Data extract -
************

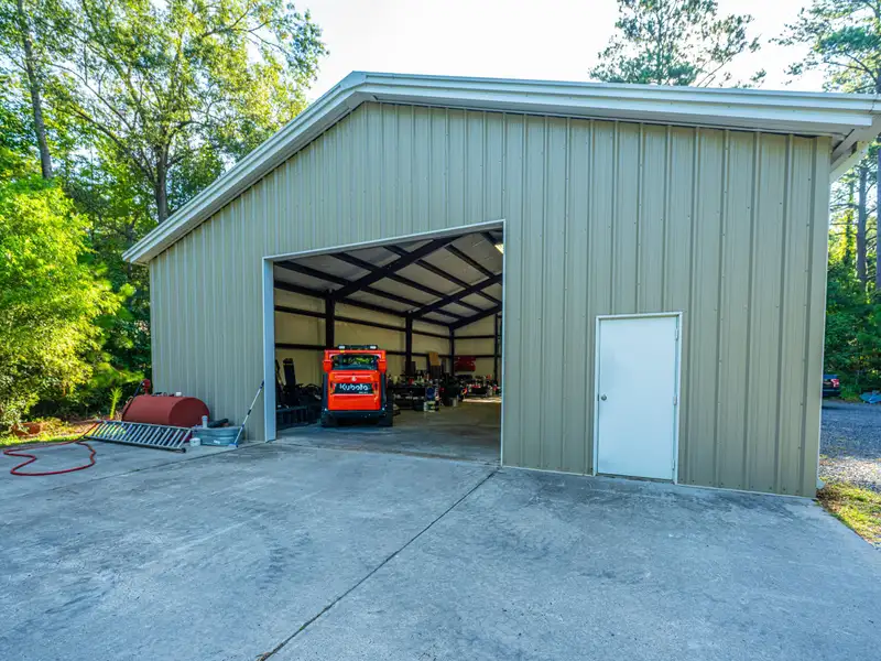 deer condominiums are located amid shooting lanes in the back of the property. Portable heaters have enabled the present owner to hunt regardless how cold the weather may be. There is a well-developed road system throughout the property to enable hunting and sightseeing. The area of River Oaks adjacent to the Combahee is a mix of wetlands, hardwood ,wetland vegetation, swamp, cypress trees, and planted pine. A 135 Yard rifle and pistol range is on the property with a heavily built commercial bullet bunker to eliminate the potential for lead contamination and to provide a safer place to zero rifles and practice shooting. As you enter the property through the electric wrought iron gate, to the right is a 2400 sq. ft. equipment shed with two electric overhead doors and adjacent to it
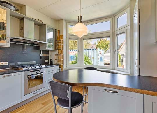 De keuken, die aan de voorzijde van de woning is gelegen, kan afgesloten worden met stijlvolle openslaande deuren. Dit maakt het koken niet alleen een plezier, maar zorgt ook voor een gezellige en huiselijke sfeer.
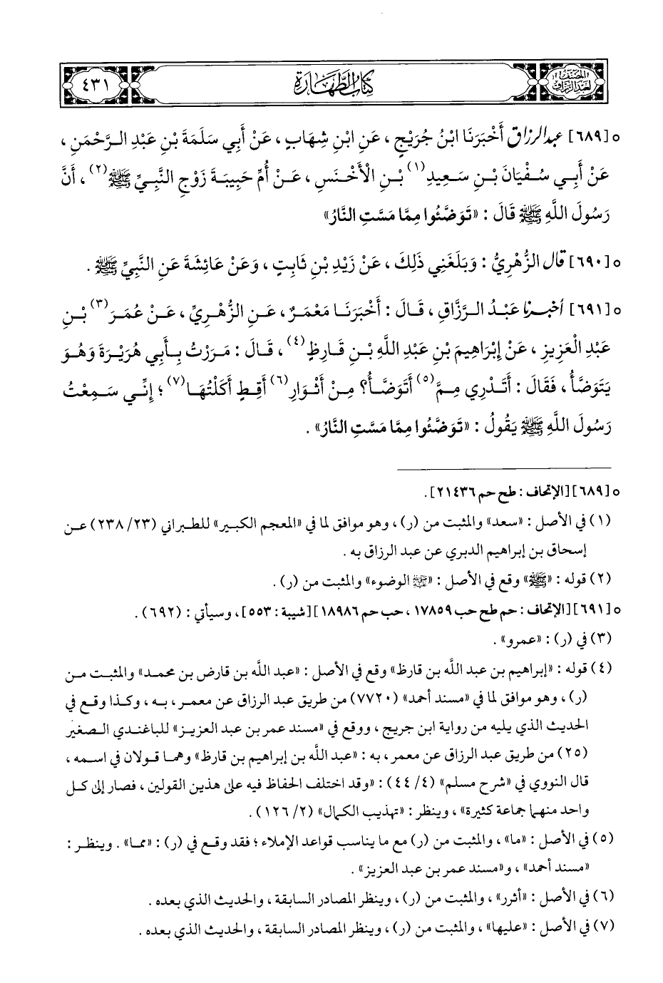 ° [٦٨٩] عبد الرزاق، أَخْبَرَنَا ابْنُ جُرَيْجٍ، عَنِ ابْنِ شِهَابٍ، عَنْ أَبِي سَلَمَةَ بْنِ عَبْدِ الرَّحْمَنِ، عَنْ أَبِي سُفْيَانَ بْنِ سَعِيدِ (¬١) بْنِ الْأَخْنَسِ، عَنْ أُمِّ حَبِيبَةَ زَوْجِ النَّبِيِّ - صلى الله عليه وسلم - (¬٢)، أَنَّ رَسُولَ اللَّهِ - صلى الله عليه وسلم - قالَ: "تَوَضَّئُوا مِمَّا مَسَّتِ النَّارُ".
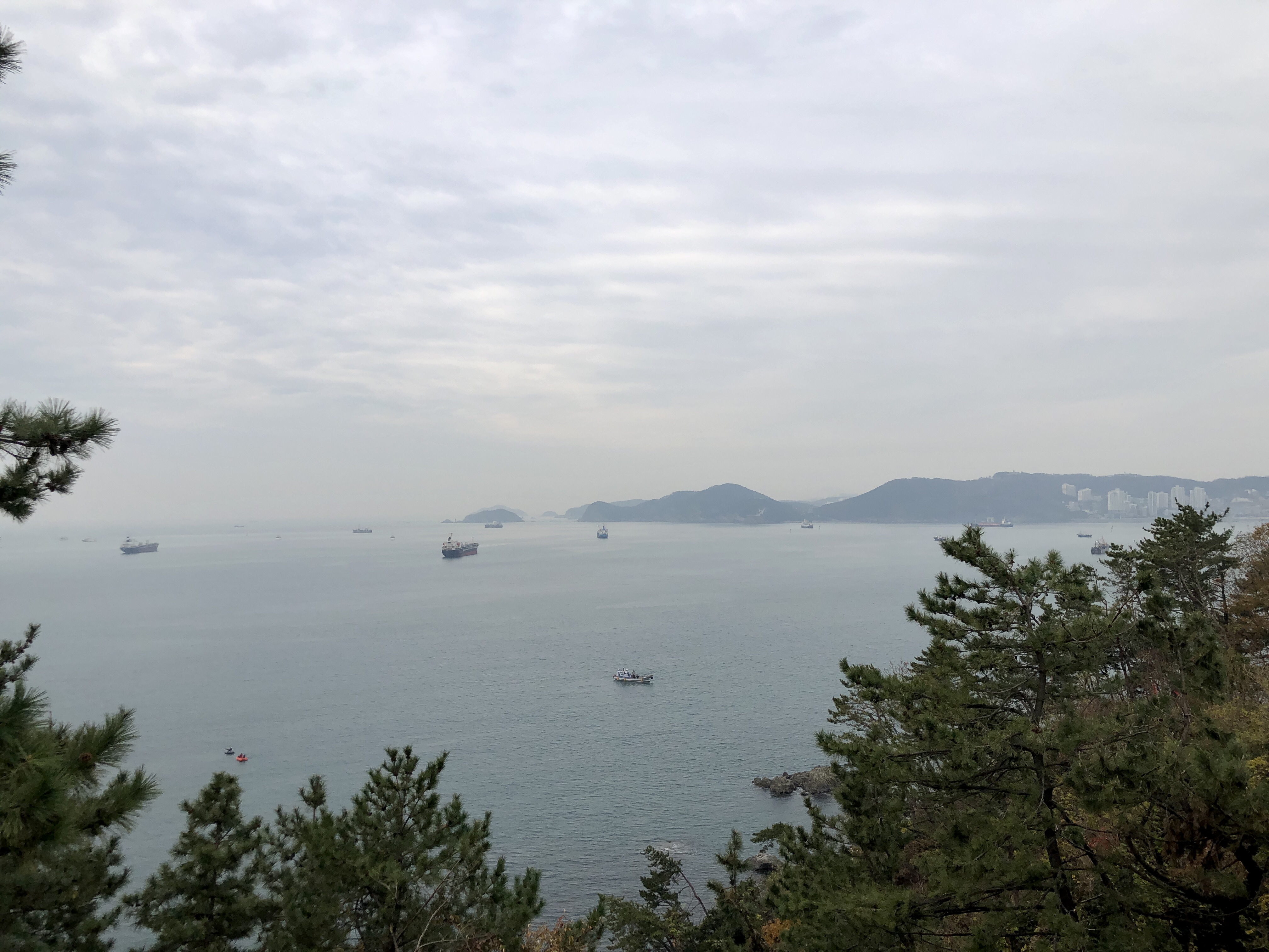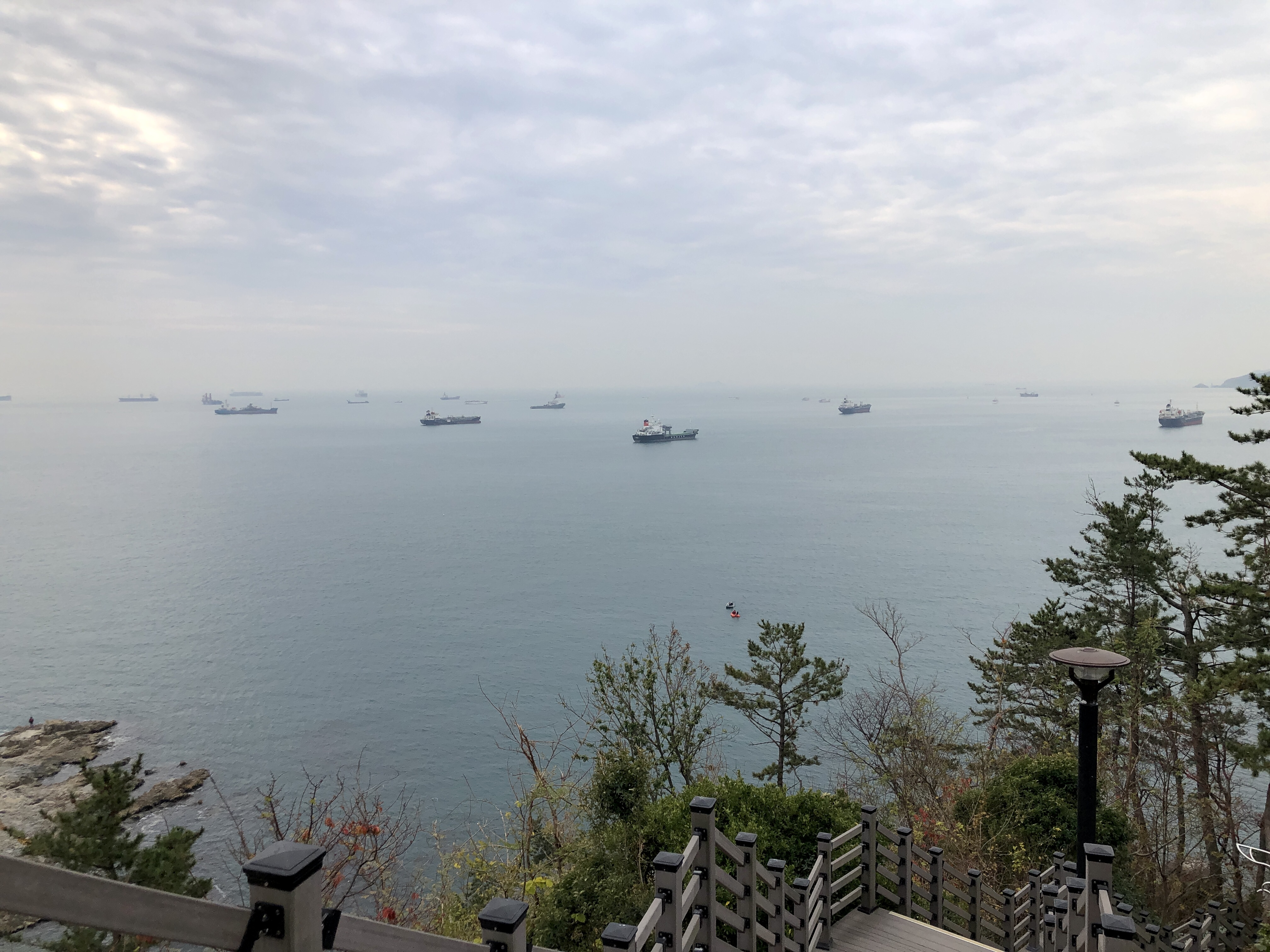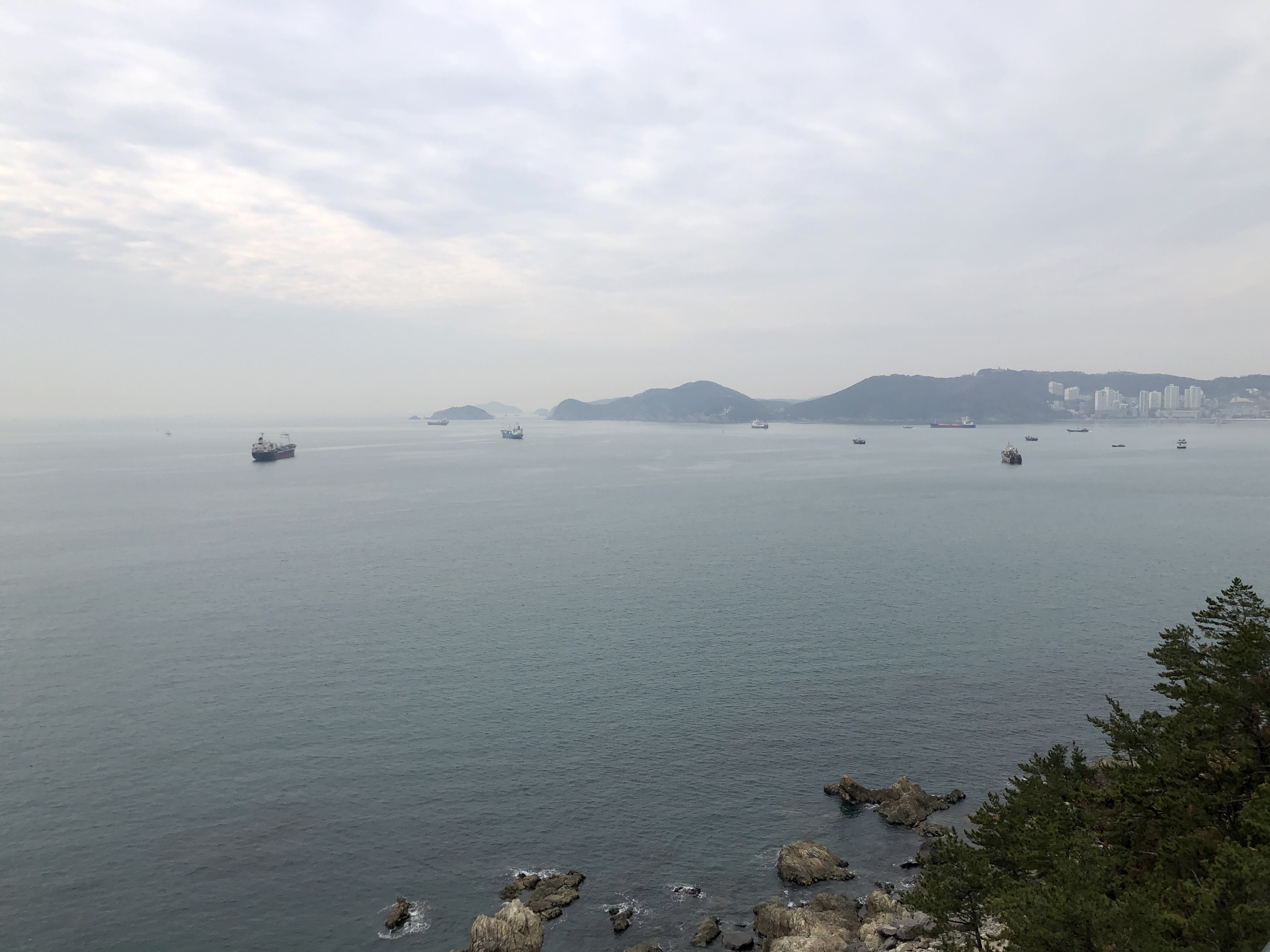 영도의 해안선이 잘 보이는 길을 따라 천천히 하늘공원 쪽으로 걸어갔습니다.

************

How to complete this task - What should appear is an exact reproduction of the lines from the one with "[٦٨٩] عبد الرزاق،" through the end of the material above, and no pictures.

Reply to the task -
 ° [٦٨٩] عبد الرزاق، أَخْبَرَنَا ابْنُ جُرَيْجٍ، عَنِ ابْنِ شِهَابٍ، عَنْ أَبِي سَلَمَةَ بْنِ عَبْدِ الرَّحْمَنِ، عَنْ أَبِي سُفْيَانَ بْنِ سَعِيدِ (¬١) بْنِ الْأَخْنَسِ، عَنْ أُمِّ حَبِيبَةَ زَوْجِ النَّبِيِّ - صلى الله عليه وسلم - (¬٢)، أَنَّ رَسُولَ اللَّهِ - صلى الله عليه وسلم - قالَ: "تَوَضَّئُوا مِمَّا مَسَّتِ النَّارُ".
 영도의 해안선이 잘 보이는 길을 따라 천천히 하늘공원 쪽으로 걸어갔습니다.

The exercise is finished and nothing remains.